Both Lee et al. [60] and Christof et al. [61] found that particle size distributions (PSDs) acquired using an FMPS show a clear negative deviation from those acquired with an SMPS, although there is a strong linear relationship between these techniques. Lee et al. [58] further demonstrated that PSDs measured using various SMPSs are consistent and proposed a correction expression for PSDs detected using an FMPS. High repeatability and consistency of SMPS led to its wide application in aerosol science and various industrial processes. It has been designated a standard meteorology technique for nano-aerosol measurements in many countries. A more detailed analysis of nano-particle measurement techniques can be found in Prashant et al. [61,62].

4. Conclusions

This article reviews measurement techniques for both carrier phase and dispersed particles from the nanoscale to the microscale in size, with a focus on the developments of various techniques over the last 20 years. It also draws relationships and makes comparisons among these techniques. We provide a systematic description and classification of these optical and electrical methods and describe the parameters they measure, such as particle velocity, size, composition and concentration. A more detailed review is made of some of the most important measurement techniques, including PIV, PDPA and light scattering intensity for micro-particles, as well as the SMPS, FMPS and ELPI for nano-particles. The principles, development histories and applications of these techniques are covered. In general, their spatial and time resolutions appear to be the main factors affecting the scope of these techniques.
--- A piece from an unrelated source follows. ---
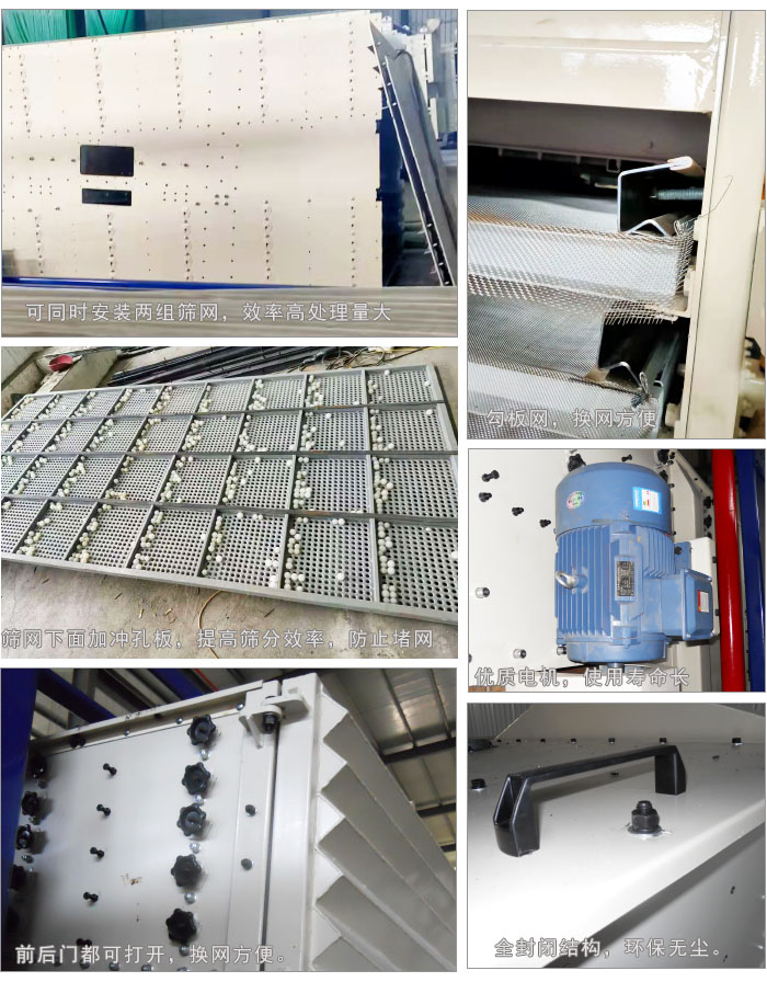 機(jī)制砂的原料為各種石塊,機(jī)制砂是指經(jīng)過一系列加工工藝形成的粒徑小于4.75mm的巖石顆粒。機(jī)制砂制備過程中常見的篩分粒度為5mm(4目)、2.36mm、1.2mm、0.6mm,部分特殊砂漿的精細(xì)度會更細(xì),篩分精度需求為0.3mm、0.15mm、0.075mm。方形搖擺篩可同時安裝1-6層篩網(wǎng),篩箱前后都可以打開,換網(wǎng)非常方便。而且篩網(wǎng)下面加清網(wǎng)裝置防止堵網(wǎng)。

Despite the various effective techniques referred to in this paper, there are still several challenges to be addressed. Now that non-intrusive diagnostic techniques for the carrier phase use particles as small as the tracer particles, the influence of these tracers on the fluids needs to be considered. In particular, this needs to be addressed when micro-channel flow has sub-microparticles as tracers and when high-speed flow requires very high tracer concentrations to satisfy the camera sensitivity. Theoretical models for many of these techniques still need to be developed. For micro- or larger particles, the extension of existing particle characterization methods to non-spherical particles and non-homogeneous particles is very important for both engineering and scientific applications. For submicron- and nano-sized particles, there is a strong demand for the development of online techniques and in situ (freezing) sampling methods, which can reproduce the exact particle spatial distribution, without being affected by particle-particle interactions and particle deposition.